**ASSIGNED TASK**
What you produce should be an exact transcription of the data, minus any pictures.

**DATASET ENTRIES**
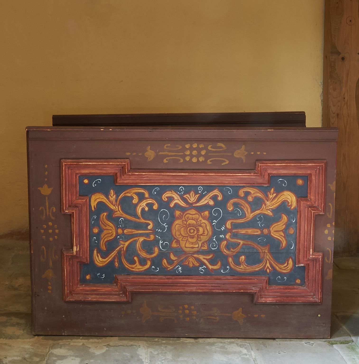 Dobry, przetarcia polichromii, zabrudzenia.
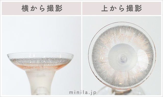 角度を変えるとオレンジっぽさが分かるかな?フチはドットでぼかしはほぼ無し。フチからオレンジへの細かいドットのグラデーションが綺麗です。ワンデーのハニースウィートに比べるとかなり薄くて優しい色合い。レンズの厚みは普通くらいで柔らかめ。指で簡単にお椀型を作ることができました。
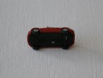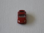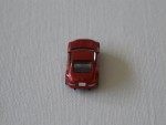 durchsichtige Scheiben, ohne Interieur, schwarze B-Säule, Scheibenrahmen und kolorierte Lichter. Aufgesetzte Seitenspiegel in Wagenfarbe an der A-Säule. Aus Kunststoff gefertigt aber detailiert für die kleine Grösse, wie silberne Original-6-Steg-Felgen mit schwarzen Hartplastikrädern
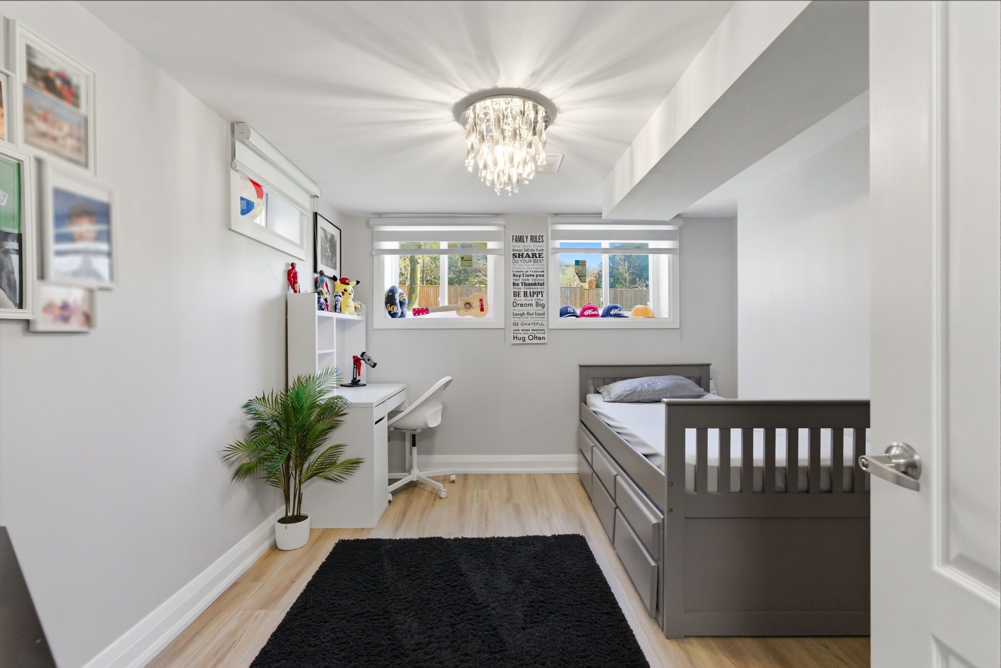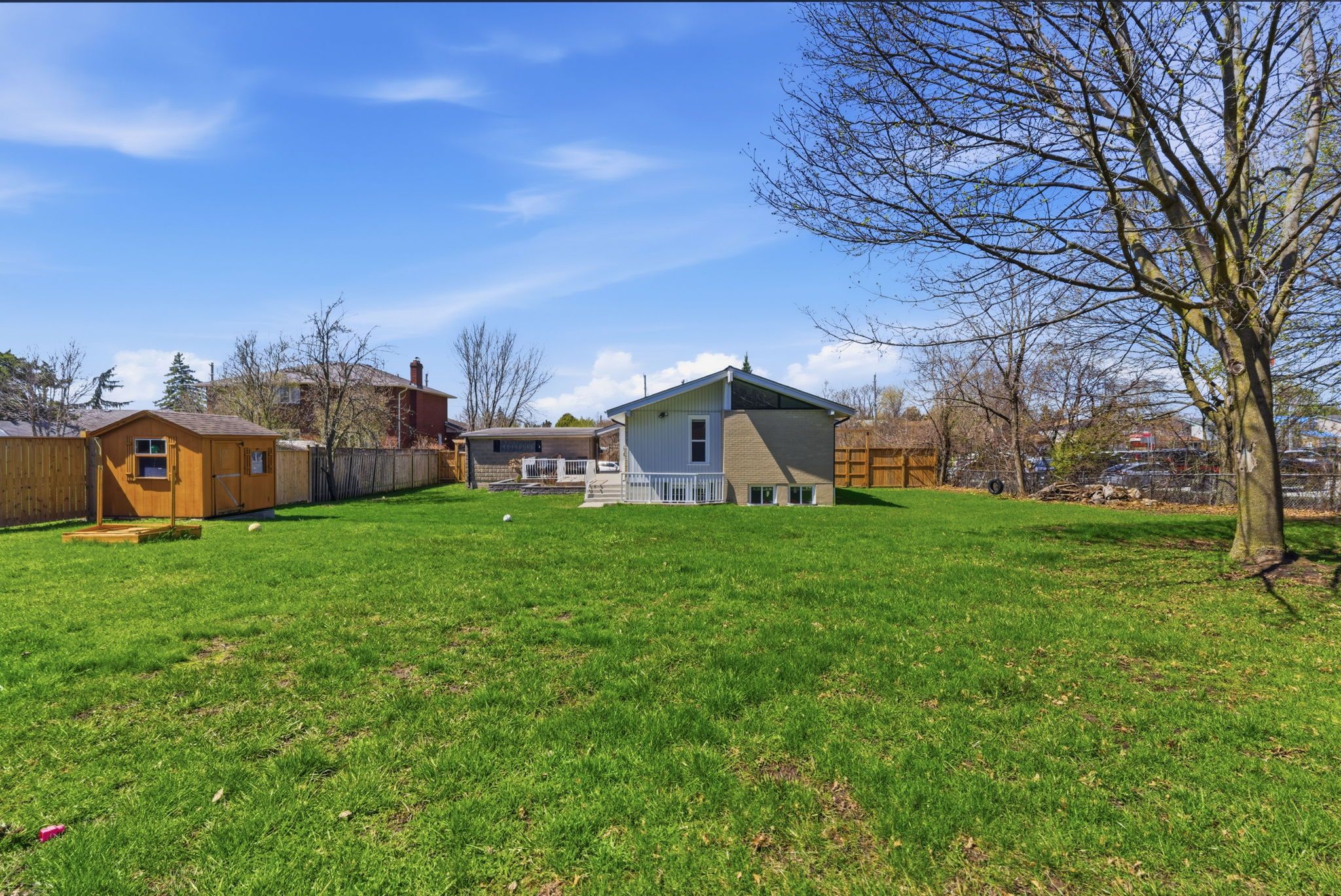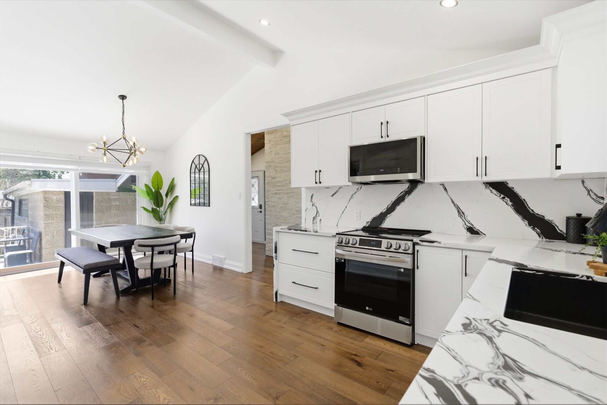 Spacious, fully renovated contemporary bungalow featuring soaring vaulted ceilings, set on an impressive 100 x 230 ft. Lot. Beautifully renovated kitchen features all the bells and whistles with 2 walk-outs to the yard. The primary bedroom offers a beautifully updated 4-piece ensuite and wall-to-wall built-in cabinetry. Two additional bedrooms and a stylish 3-piece bathroom complete the main level. Double car detached garage. Extensive updates include shingles (2025) and doors, fence, windows, the kitchen, flooring, all bathrooms, and air conditioning (2023) and window coverings are included. The renovated basement adds valuable living space, featuring a bedroom with lookout windows, a recreation room with a walk-up to the yard, a 2-piece bathroom, and ample storage. Ideal setup for a potential in-law suite.
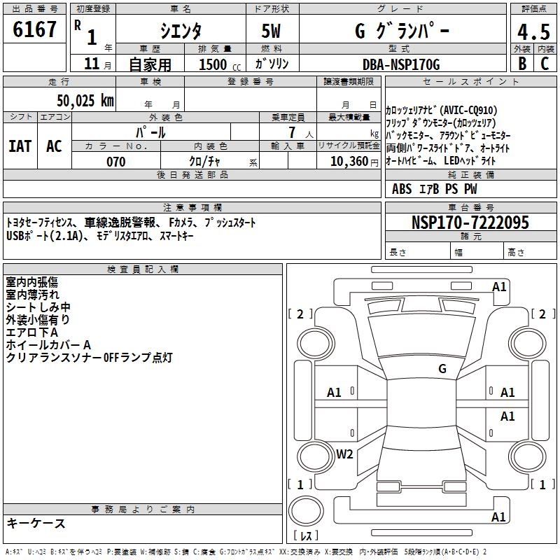 TOYOTA SIENTA G GRAN PA- - лот 6167
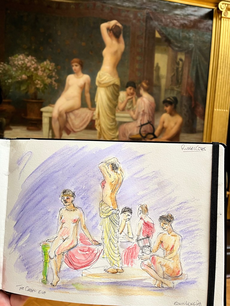 Urban sketchers meeting at the Russel Cotes museum in Bournemouth this morning. I chose a detail from Edwin Longs huge painting “ The chosen five”

**SOLVED EXERCISE**
 Dobry, przetarcia polichromii, zabrudzenia.
 角度を変えるとオレンジっぽさが分かるかな?フチはドットでぼかしはほぼ無し。フチからオレンジへの細かいドットのグラデーションが綺麗です。ワンデーのハニースウィートに比べるとかなり薄くて優しい色合い。レンズの厚みは普通くらいで柔らかめ。指で簡単にお椀型を作ることができました。
 durchsichtige Scheiben, ohne Interieur, schwarze B-Säule, Scheibenrahmen und kolorierte Lichter. Aufgesetzte Seitenspiegel in Wagenfarbe an der A-Säule. Aus Kunststoff gefertigt aber detailiert für die kleine Grösse, wie silberne Original-6-Steg-Felgen mit schwarzen Hartplastikrädern
 Spacious, fully renovated contemporary bungalow featuring soaring vaulted ceilings, set on an impressive 100 x 230 ft. Lot. Beautifully renovated kitchen features all the bells and whistles with 2 walk-outs to the yard. The primary bedroom offers a beautifully updated 4-piece ensuite and wall-to-wall built-in cabinetry. Two additional bedrooms and a stylish 3-piece bathroom complete the main level. Double car detached garage. Extensive updates include shingles (2025) and doors, fence, windows, the kitchen, flooring, all bathrooms, and air conditioning (2023) and window coverings are included. The renovated basement adds valuable living space, featuring a bedroom with lookout windows, a recreation room with a walk-up to the yard, a 2-piece bathroom, and ample storage. Ideal setup for a potential in-law suite.
 TOYOTA SIENTA G GRAN PA- - лот 6167
 Urban sketchers meeting at the Russel Cotes museum in Bournemouth this morning. I chose a detail from Edwin Longs huge painting “ The chosen five”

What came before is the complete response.